# Largest order of an element

Given the following two groups $\mathbb{Z}_{10}\times \mathbb{Z}_{10}$, $\mathbb{Z}_{10}\times \mathbb{Z}_{15}$.

a) give the order of each group?

b) in each group, what is the largest order of an element?

c) for the second group, give an element of order 6.

So for a) the order of a group is the number of elements so 100 and 150 would be the order of the groups receptively right?

b) To find this you take the least common multiple(lcm) so lcm(10,10)=10? I get confused by the lcm and lcm(10,15)=30? I feel like this is wrong though so if someone could let me know if this is right i would appreciate it.

c) I don't know how to go about finding an element of order 6 .

So basically just looking for some help with c and confirmation that a and b are done correctly thank you for all your help.

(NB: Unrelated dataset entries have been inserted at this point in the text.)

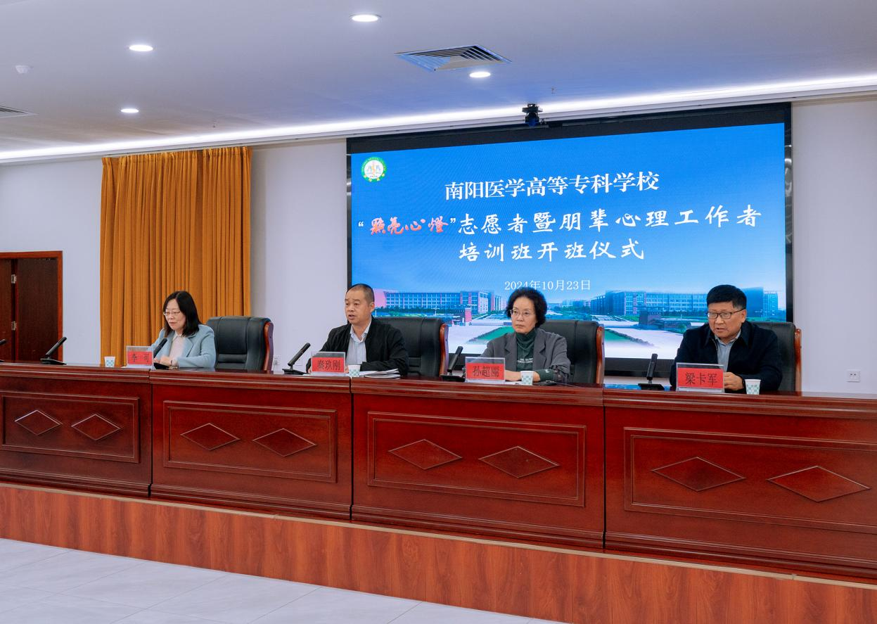 为深入学习贯彻党的二十届三中全会精神,充分发挥朋辈心理力量在心理健康教育四级预警防控工作体系中的积极作用,提升朋辈关怀引领的辐射效能,10月23日下午,心理健康关爱与教育中心组织的“点亮心灯”志愿者暨朋辈心理工作者培训班开班仪式在仲景东区文化中心举行。校党委委员、副校长秦玖刚出席开班仪式并讲话。各系(部、院)党总支副书记、学工办主任、心理专干以及近300名学生朋辈心理人员在现场参加开班仪式,1600余名通过线上观看了仪式。仪式由心理健康关爱与教育中心副主任李可主持。
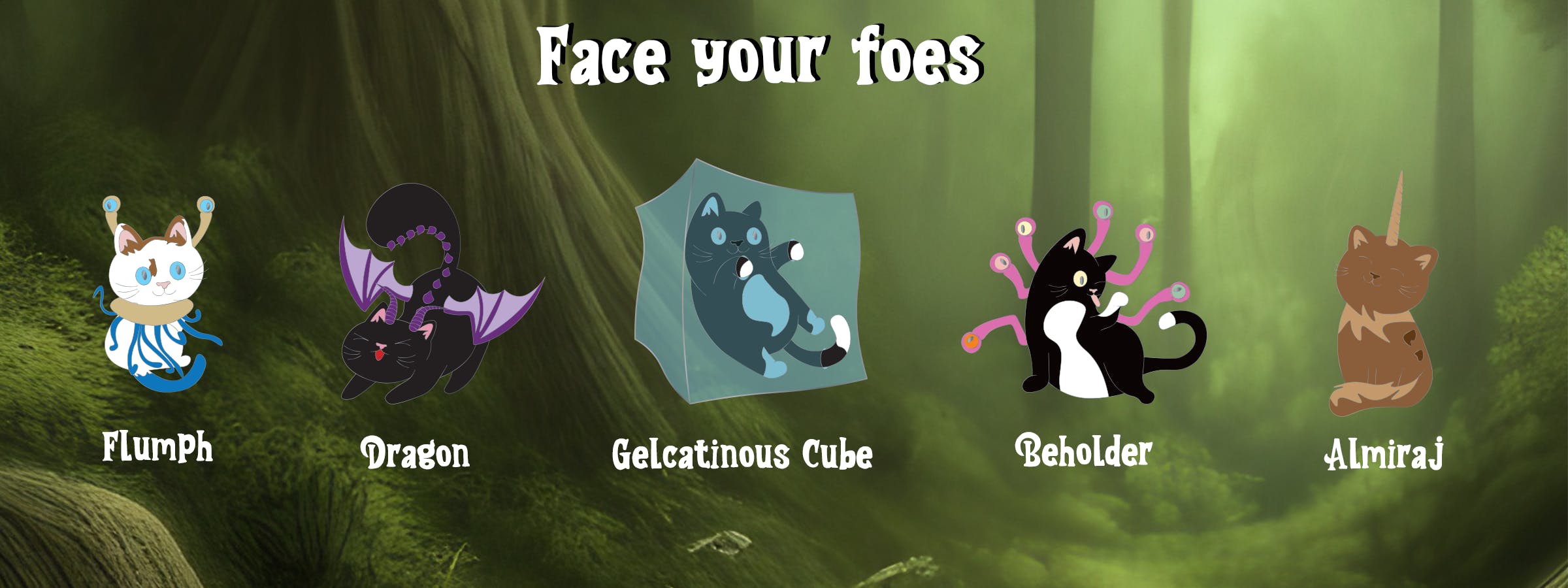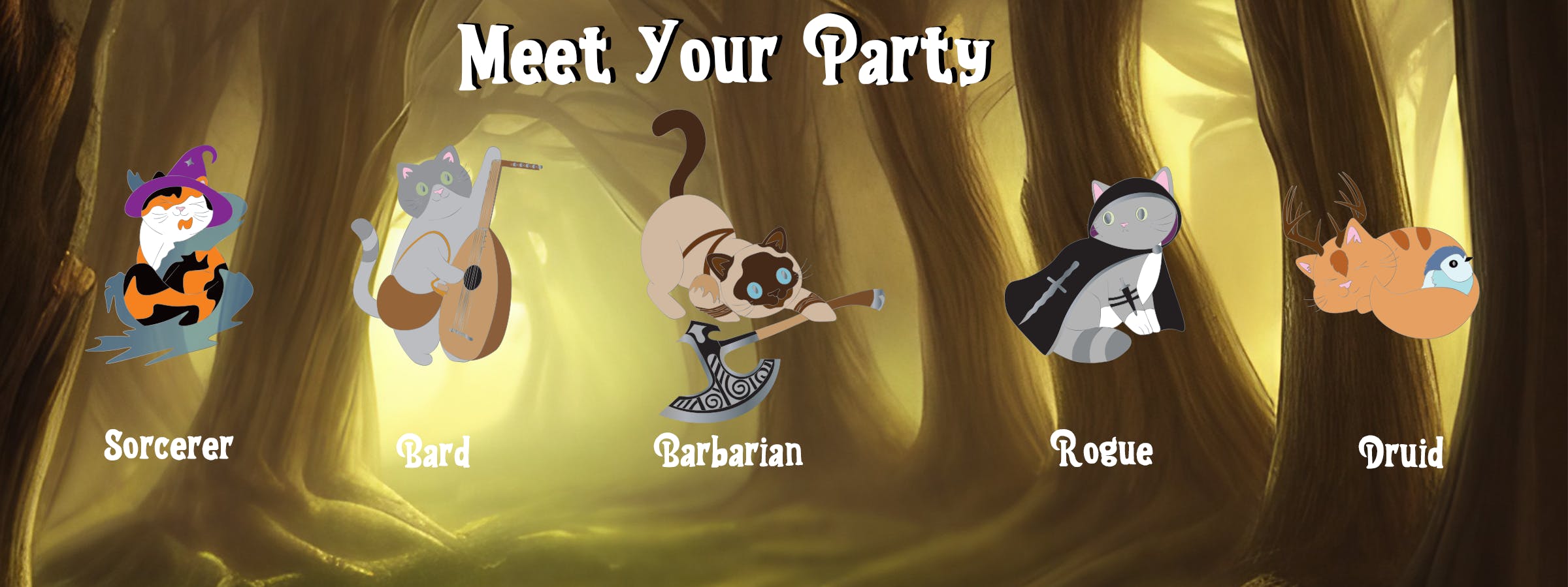 Grab your cat, grab your dice and come adventure with us. Dungeons & Cats series one. This adventuring felines are an enamel pin series features our favorite heroes on an EPIC quest through the forests of the Feline Realms.
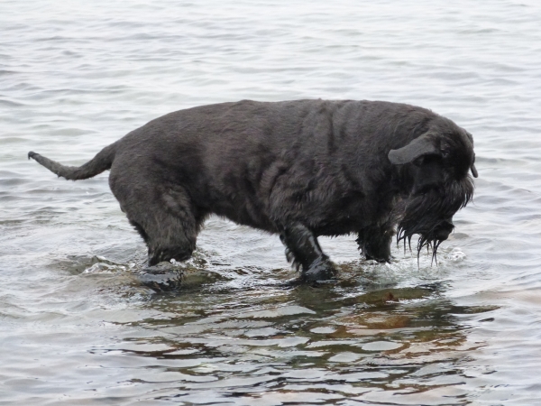 Chica hat mit mir dann das volle Programm erlebt, Welpenkindergarten, Hundeschule, Hundeplatz, ich wollte schließlich nichts falsch machen. Überall war sie dabei, da wo ich war, da war auch meine Chica. Auf dem Hundeplatz hat sie die Begleithundeprüfung erfolgreich bestanden, bei den Spaziergängen war sie ein Teufel. Als junger Hund war sie wirklich eine richtige Wildsau. Wenn Chica mit ihren Freunden in den Siegwiesen getobt hat, sind wir Menschen häufiger zu Fall gekommen, denn wenn zwei tobende Riesenschnauzer von hinten in die Kniekehlen rammen, bleibt niemand mehr stehen. Aber man musste ja toben, da blieb keine Zeit zum gucken. Die ersten Jahre waren wirklich anstrengend, denn wirklich müde habe ich Chica nie bekommen. Außer im Urlaub auf Texel, da war sie dann wirklich platt. Den ganzen Tag auf den Beinen, soviel neue Gerüche und dann das große Wasser.... wo sie doch so eine Wasserratte war. Wären wir einmal in der Wüste gewesen, Chica hätte Wasser gefunden. Wasser hatte sie immer in der Nase. Und dann war sie nicht mehr zu halten. Leider waren das dann nicht immer nur kristallklare Gebirgsbäche, sondern auch schon mal verschlammte Tümpel.

• For (a) you are correct and for (b) you are correct as well. Then this should follow for (c) let $z=(x,y) \in \mathbb{Z}_{10} \times \mathbb{Z}_{15}$ then $|z| = \textrm{lcm}(|x|,|y|)$. So you need an element of order two in the first slot and one of order 3 in the second. – Faraad Armwood Apr 11 '16 at 3:34
• I hope this doesn't sound dumb but i don't know how i would go about finding an element of order 2 or order 3. Could you give me a starting point? – pkid58 Apr 11 '16 at 3:40
• Doesn't sound dumb at all. Need to get $x$ such that $2x = 0 \ \textrm{mod}(10)$ and $y$ such that $3y = 0\ \textrm{mod}(15)$. – Faraad Armwood Apr 11 '16 at 3:49
• so (0,0)? would be the element of order 6? – pkid58 Apr 11 '16 at 3:55
• Remember that the order of an element is the minimal such positive integer. By definition order(0,0) = 1. – Faraad Armwood Apr 11 '16 at 3:59

If $(x,y) \in \mathbb{Z}_m \oplus \mathbb{Z}_n$ and $k \cdot (x,y) = (0,0)$ for some $k \in \mathbb{Z}^+$ then $kx = ky = 0$ i.e $k$ divides $m,n$. The order$(x,y) := \textrm{min} \{j:j \cdot (x,y) = (0,0) \}$. The minimal $j$ which divides $m,n$ i.e the minimal $j$ which divides $mn$. However, this is just the lcm and so $\textrm{ord}(x,y) = \textrm{lcm}\left(\textrm{ord}(x), \textrm{ord}(y)\right)$.